SOCIO ECONOMIC COST OF DIABETIC FOOT

SOCIO ECONOMIC COST OF

DIABETIC FOOT

IMMEDIATE COSTS                       RECURRING COSTS

Cost of immediate episode              Cost of long term care

                                              Loss of income

Diabetic foot problems, whether infections, diabetic foot ulcers , charcot feet , diabetic foot neuropathy , diabetic foot pain ,diabetic foot swelling etc impose a major economic burden on both patients and caregivers.

A team approach to these problems lessens their complication rate , reduces problems and reduces the long term burden on patients and families. If we remember that about 15 – 25 % of diabetic patients suffer from diabetic foot ulcers during their lifetime and that many of these patients especially in India are in the productive phases of their life, the socioeconomic burden can be understood especially in terms of limb loss of the breadwinner of the family.

A patient without a diabetic foot ulcer compared to a patient with one, has to spend less on medical care on a regular basis. Also as many patients in India come to a health care giver either when they develop an ulcer or when they have a limb threatening infection and are then diagnosed to be diabetic, the costs of treatment go up phenomenally compared to when they are diagnosed earlier and put into preventive diabetic footwear and diabetes related foot education is provided.

Apart from limb loss or loss of life of the breadwinner of the family leading to reduction in earning capacity of the family and pushing them further down the economic scale, the presence of even a non productive member with a diabetic foot ulcer or diabetic foot wound or bedsores, sharply pushes up the amounts spent on medical care for the family, apart from the fact that in some families it may be difficult to offer prolonged care to such patients simply because the costs of care are extremely high and especially in families which subsist on daily wages it may be just impossible to take such patients for medical care till it is too late.

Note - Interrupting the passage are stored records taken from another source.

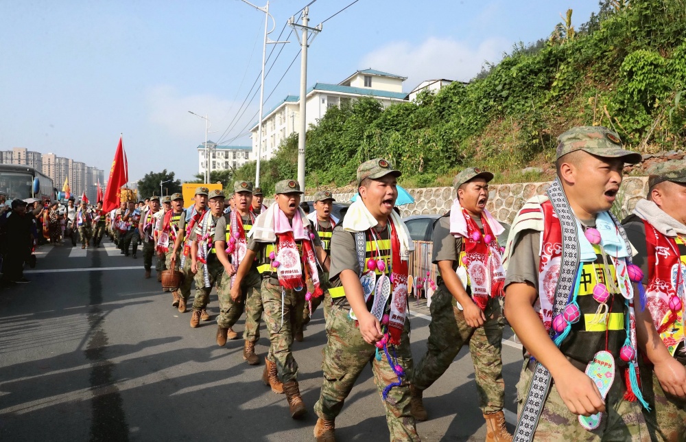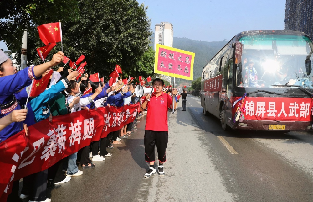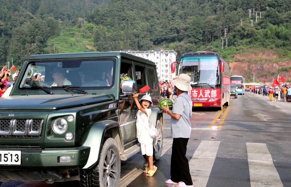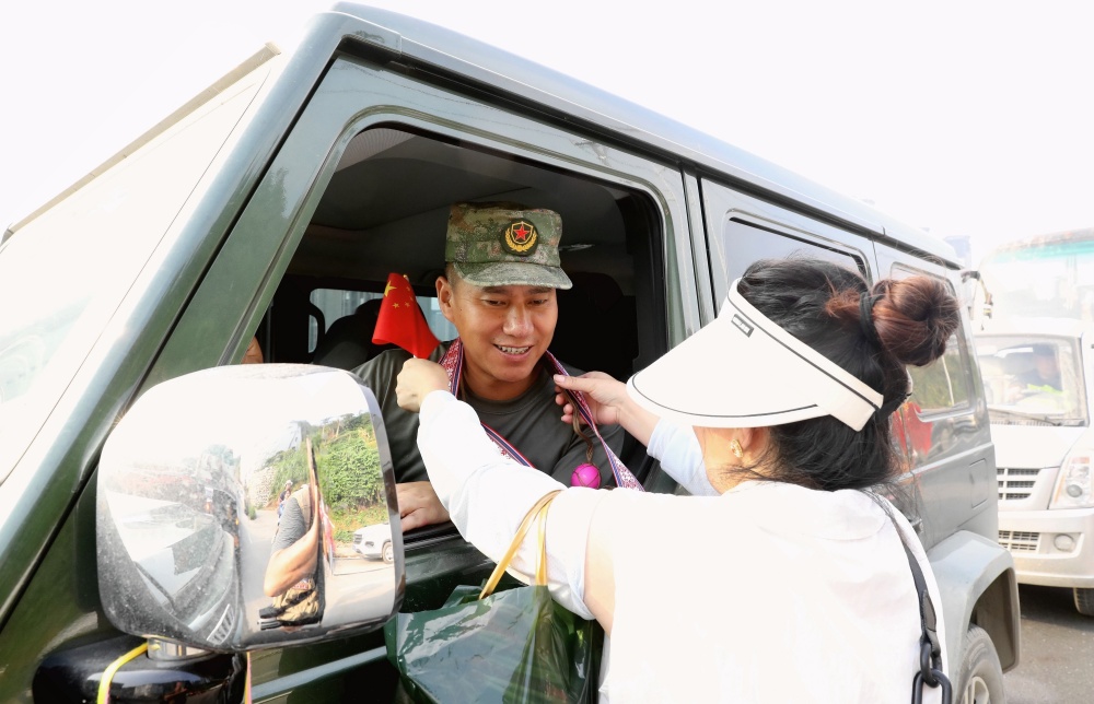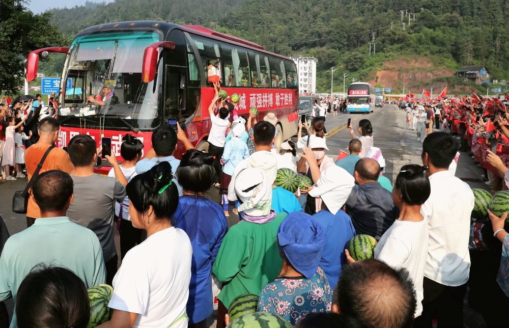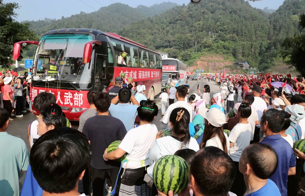 當(dāng)日上午,貴州省黔東南苗族侗族自治州榕江縣群眾自發(fā)并帶著自家種的西瓜、制作三月粑、包糯米飯、煮紅雞蛋以及親手繡的鞋墊等,排隊送別最后一批抗洪搶險救援的民兵隊伍。她們將自己帶來的禮品往車?yán)锶源吮磉_感激之恩,在高呼感謝聲中向救援隊伍話別,充分展現(xiàn)濃濃的軍民魚水情。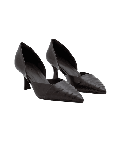 Este look exala sofisticação e modernidade, combinando peças clássicas com toques contemporâneos. A blusa preta de laço, com sua transparência sutil e detalhes em renda, confere elegância e um ar romântico. A calça jeans wide leg de cintura alta, com suas costuras frontais, traz um toque de tendência e conforto, equilibrando a formalidade da blusa. O scarpin d'Orsay de bico fino alonga a silhueta, enquanto os brincos delicados adicionam um brilho discreto. É a escolha perfeita para quem busca um visual versátil que transita com facilidade do ambiente de trabalho casual chic para um happy hour ou jantar especial.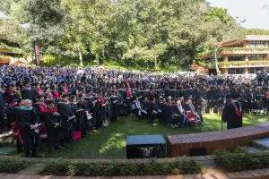 Acto de graduación en el Jardín Manuel F. Ayau, en la Universidad Francisco Marroquín. Foto por Roberto Sacasa.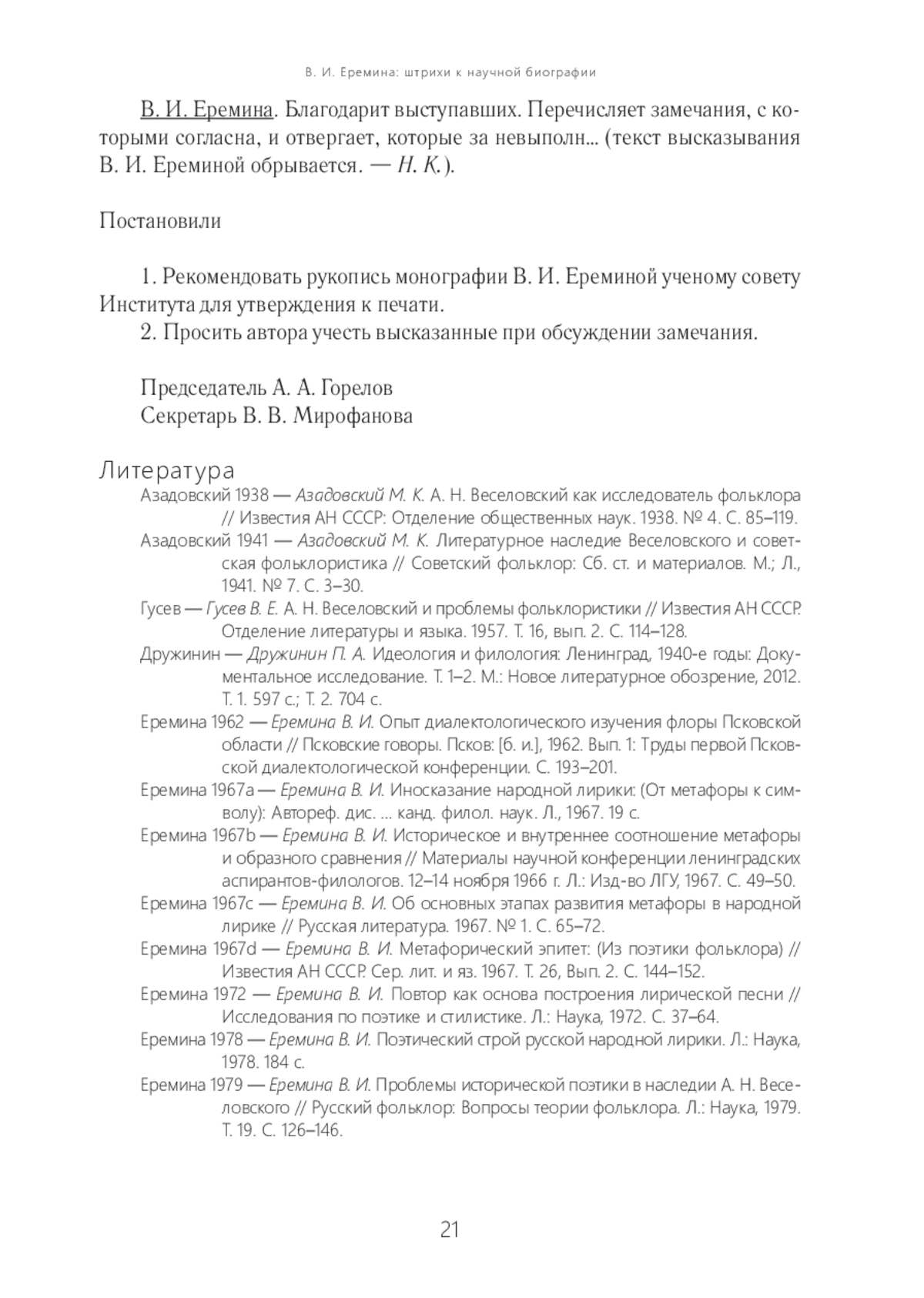 16. Некрылова А. Ф. Вступительное слово // Русский фольклор: Материалы и исследования. СПб.: Наука, 2021. Т. 38: Памяти Виктора Евгеньевича Гусева. С. 5-12. EDN: WQTMXN

Almost 40% admissions in diabetics are due to diabetic foot complications. The diabetic foot with gangrene is one of the leading causes of death in diabetics.

More than 60-70% of all non traumatic lower limb amputations occur in diabetics.

The costs of care for diabetic foot ulcers are likely to keep increasing as newer and newer therapies come up and also for insured patients, insurance companies are unlikely to reimburse the costs of all therapies used to treat chronic ulcerations, limb infectionsgangrene etc. It is also important to remember that the rates of recurrence of foot ulcers are very high and can be greater than 50% after three years. So the cost should not only include the current episode but also the home care , subsequent ulcer episodes , loss of income due to quality of life change and the final outcome. In such a scenario the case for a multidisciplinary team which focuses on prevention , early recognition and multi modality treatment in the case of limb or life threatening infections, becomes stronger as it will have a short term as well as long term impact on reducing health care costs for the diabetic foot.

Whereas in India, a patient without a foot ulcer is likely to spend money only on medicines, insulins , three monthly check ups and routine investigations which may vary from about Rupees 5000 – 15000 per year, a patient with a diabetic foot ulcer may need to spend double the amount. However a patient who has a limb threatening or life threatening infection may spend in lakhs of rupees per episode along with the long term costs of reduced earning capacity and being a financial burden on the family. Apart from this in case of amputation, the chances of further amputation whether in the same or opposite foot increase dramatically.